### Task goal:
Please give the lines below again exactly as they stand, from the one that contains "2024 Målades sovrummet" up to and including the one that contains "00:10:57Der Streamer kündigt", leaving all pictures out.

### Given records:
=======

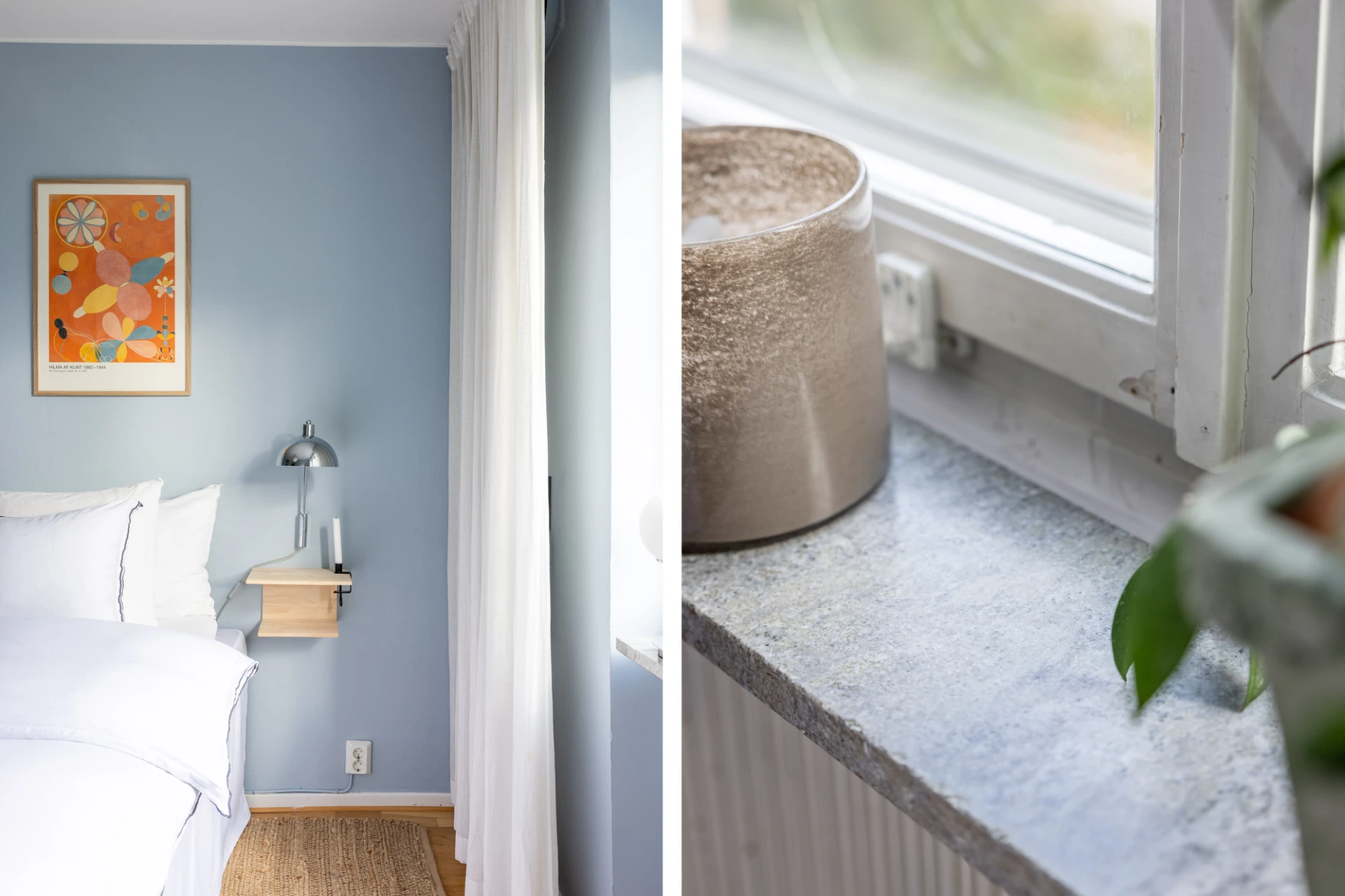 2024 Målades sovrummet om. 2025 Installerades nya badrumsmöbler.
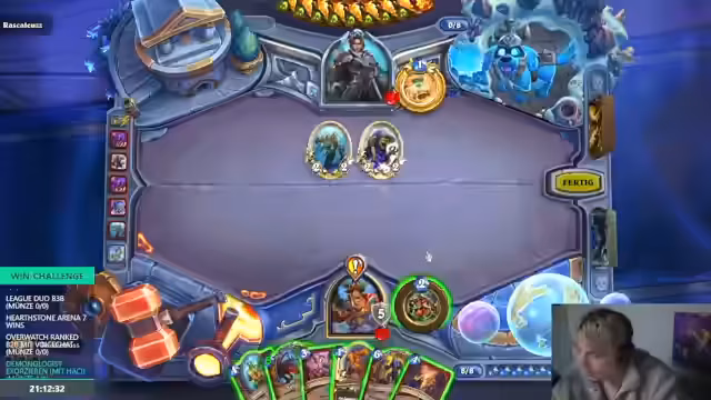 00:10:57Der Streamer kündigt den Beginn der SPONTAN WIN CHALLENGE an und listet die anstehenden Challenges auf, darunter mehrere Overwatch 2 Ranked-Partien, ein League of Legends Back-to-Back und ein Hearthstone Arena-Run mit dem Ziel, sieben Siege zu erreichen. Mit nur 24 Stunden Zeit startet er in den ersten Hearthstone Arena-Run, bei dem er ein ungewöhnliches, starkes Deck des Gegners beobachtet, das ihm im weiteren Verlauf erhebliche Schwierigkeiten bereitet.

=======

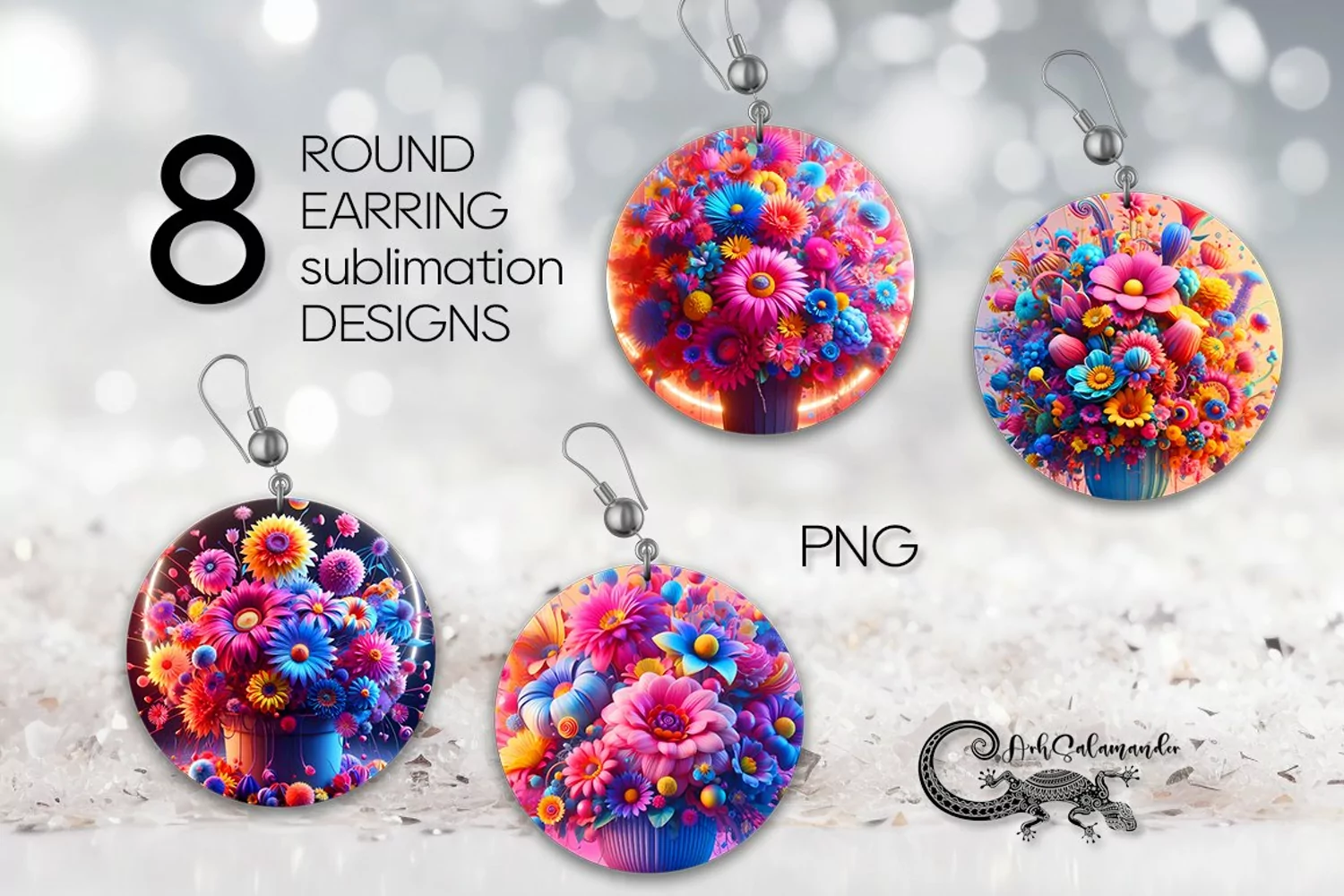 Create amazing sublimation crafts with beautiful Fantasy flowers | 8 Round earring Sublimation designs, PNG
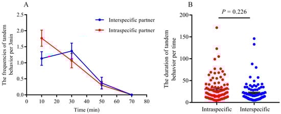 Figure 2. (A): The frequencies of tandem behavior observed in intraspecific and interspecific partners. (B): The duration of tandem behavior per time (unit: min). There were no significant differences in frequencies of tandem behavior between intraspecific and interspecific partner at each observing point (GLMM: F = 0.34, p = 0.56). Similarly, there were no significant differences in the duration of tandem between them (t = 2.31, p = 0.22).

=======

### Response to the task:
 2024 Målades sovrummet om. 2025 Installerades nya badrumsmöbler.
 00:10:57Der Streamer kündigt den Beginn der SPONTAN WIN CHALLENGE an und listet die anstehenden Challenges auf, darunter mehrere Overwatch 2 Ranked-Partien, ein League of Legends Back-to-Back und ein Hearthstone Arena-Run mit dem Ziel, sieben Siege zu erreichen. Mit nur 24 Stunden Zeit startet er in den ersten Hearthstone Arena-Run, bei dem er ein ungewöhnliches, starkes Deck des Gegners beobachtet, das ihm im weiteren Verlauf erhebliche Schwierigkeiten bereitet.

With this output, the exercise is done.